Retrieve explicit Cloud logging tracing explicit Vault limits

10

void_payment

/voids` dropping limits before a capture closes cutting out heavy gateway fees. Inspect deep internal arrays mitigating specific Plan Math

Example Prompts for Checkout.com in Pydantic AI

Ready-to-use prompts you can give your Pydantic AI agent to start working with Checkout.com immediately.

01

"Refund payment pay_123 for $50.00"

02

"Show me why payment pay_456 failed"

03

"Vault this instrument ID src_789 and update the holder name to 'John Doe'"

Troubleshooting Checkout.com MCP Server with Pydantic AI

Common issues when connecting Checkout.com to Pydantic AI through the Vinkius, and how to resolve them.

01

MCPServerHTTP not found

Update: pip install --upgrade pydantic-ai

Checkout.com + Pydantic AI FAQ

Common questions about integrating Checkout.com MCP Server with Pydantic AI.

01

How does Pydantic AI discover MCP tools?

Create an MCPServerHTTP instance with the server URL. Pydantic AI connects, discovers all tools, and generates typed Python interfaces automatically.
02

Does Pydantic AI validate MCP tool responses?

Yes.
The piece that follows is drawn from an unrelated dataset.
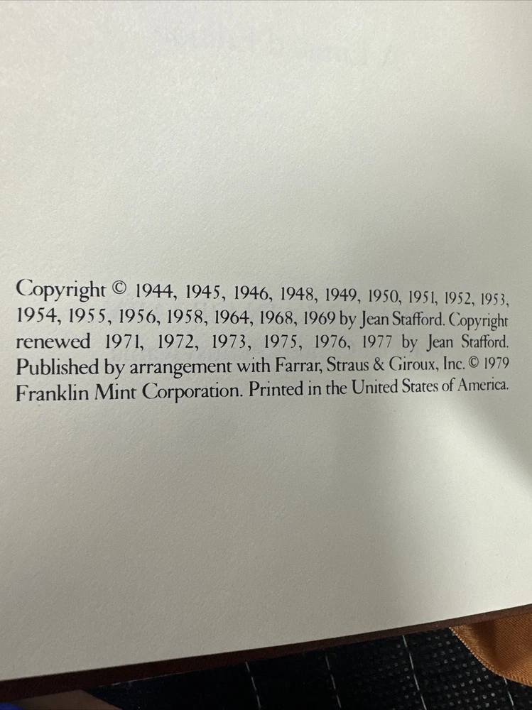 Like new never been read, but has a couple of blemishes. See photos. This limited edition collection of the collected stories of Jean Stafford, published by Franklin Library in 1979. The books are bound in leather and feature illustrations by Barron Storey. The stories are written in English and cover a range of topics, including classics and literature. The books are original and not facsimiles. The region covered in the books is North America. The publisher is Franklin Library, and the author is Jean Stafford. This item is perfect for collectors and lovers of literature.

When you define result types as Pydantic models, every tool response is validated against the schema. Invalid data raises a clear error instead of silently corrupting your pipeline.
03

Can I switch LLM providers without changing MCP code?

Absolutely. Pydantic AI abstracts the model layer — your Checkout.com MCP integration works identically with OpenAI, Anthropic, Google, or any supported provider.

Connect Checkout.com to Pydantic AI

Get your token, paste the configuration, and start using 10 tools in under 2 minutes. No API key management needed.